▶ **DATASET CONTENT**
════════════════
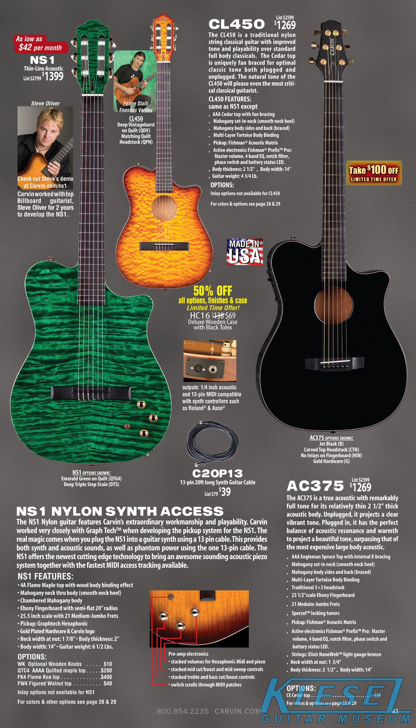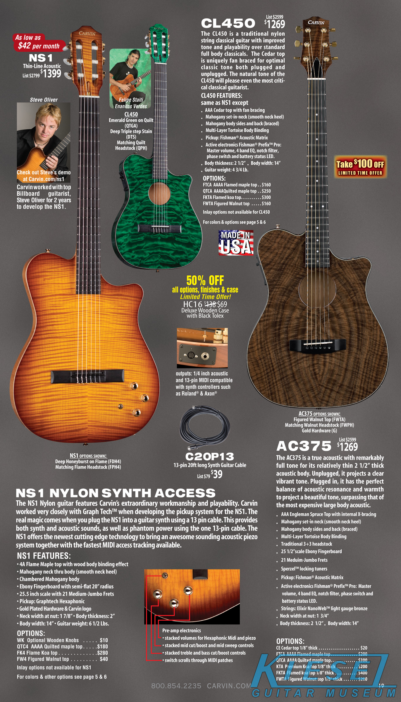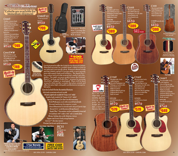 Like 2011, there were no significant changes with Carvin's acoustic-electric guitars in 2012. The NS1, CL450, SH60,
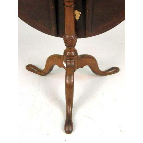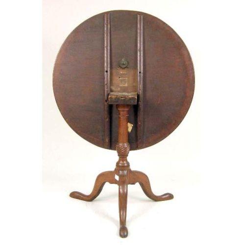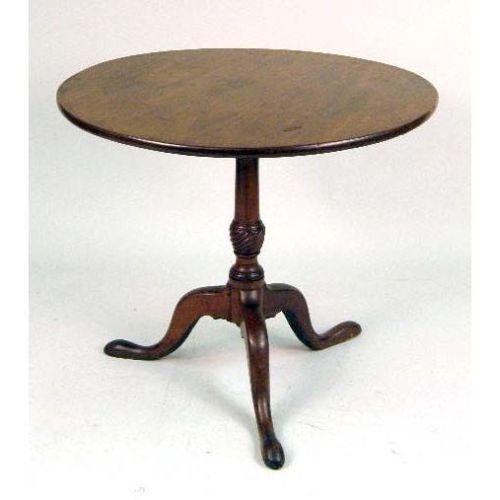 A GEORGE I CARVED MAHOGANY TILT-TOP TEA TABLE<BR><BR>English, various repairs, 27-1/2"h x 32"dia
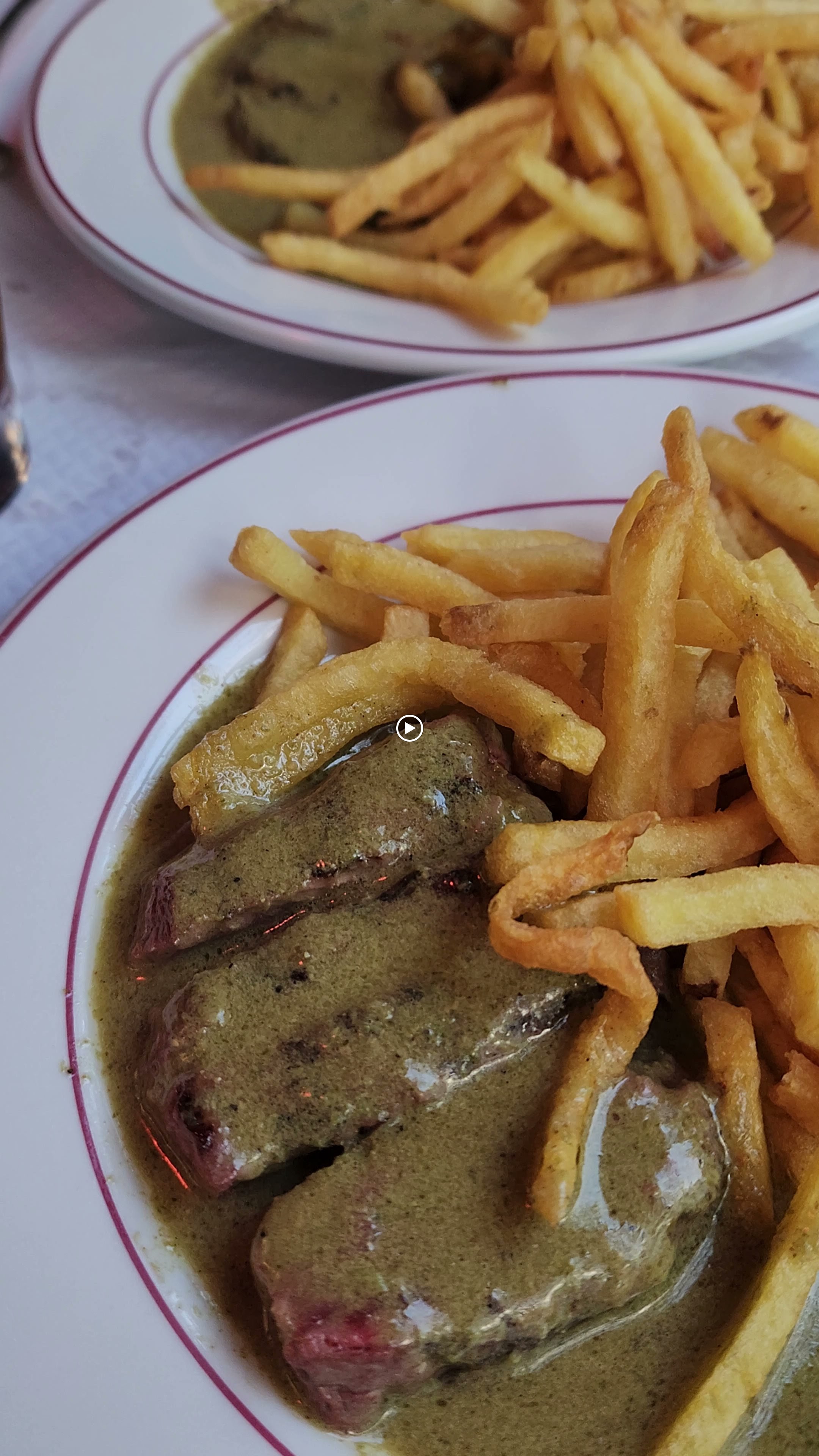 Posté le 13/09/2024 à 21:26"Concept : plat unique entrecôte avec sauce secrète / frite / petite salade en entrée. Ok et on vous sert deux fois le plat principale… donc quantité ok ! Bon la viande est excellente, très tendre, rien à dire et la sauce secrète est surprenant mais très bonne (sauce verte, j’aurai dit avec du cresson). Par contre les frites, aïe aïe aïe… elles sont de type macdo, très fines, et en plus un peu trop cuite donc très sèches… franchement, là il y a nettement mieux à faire… ça tue un peu car je m’attendais à nettement mieux pour un plat unique. Sinon le prix ça chatouille un peu 29€ surtout vu la qualité des frites… Service impeccable et souriant. Avec des VRAIES frites cela mérite 4 et avec un prix plus raisonnable, cela mérite 5 😂"
════════════════
▶ **PROBLEM REQUIREMENTS**
With the pictures left out, write out all of the data exactly.

▶ **TASK RESPONSE**
 Like 2011, there were no significant changes with Carvin's acoustic-electric guitars in 2012. The NS1, CL450, SH60,
 A GEORGE I CARVED MAHOGANY TILT-TOP TEA TABLE<BR><BR>English, various repairs, 27-1/2"h x 32"dia
 Posté le 13/09/2024 à 21:26"Concept : plat unique entrecôte avec sauce secrète / frite / petite salade en entrée. Ok et on vous sert deux fois le plat principale… donc quantité ok ! Bon la viande est excellente, très tendre, rien à dire et la sauce secrète est surprenant mais très bonne (sauce verte, j’aurai dit avec du cresson). Par contre les frites, aïe aïe aïe… elles sont de type macdo, très fines, et en plus un peu trop cuite donc très sèches… franchement, là il y a nettement mieux à faire… ça tue un peu car je m’attendais à nettement mieux pour un plat unique. Sinon le prix ça chatouille un peu 29€ surtout vu la qualité des frites… Service impeccable et souriant. Avec des VRAIES frites cela mérite 4 et avec un prix plus raisonnable, cela mérite 5 😂"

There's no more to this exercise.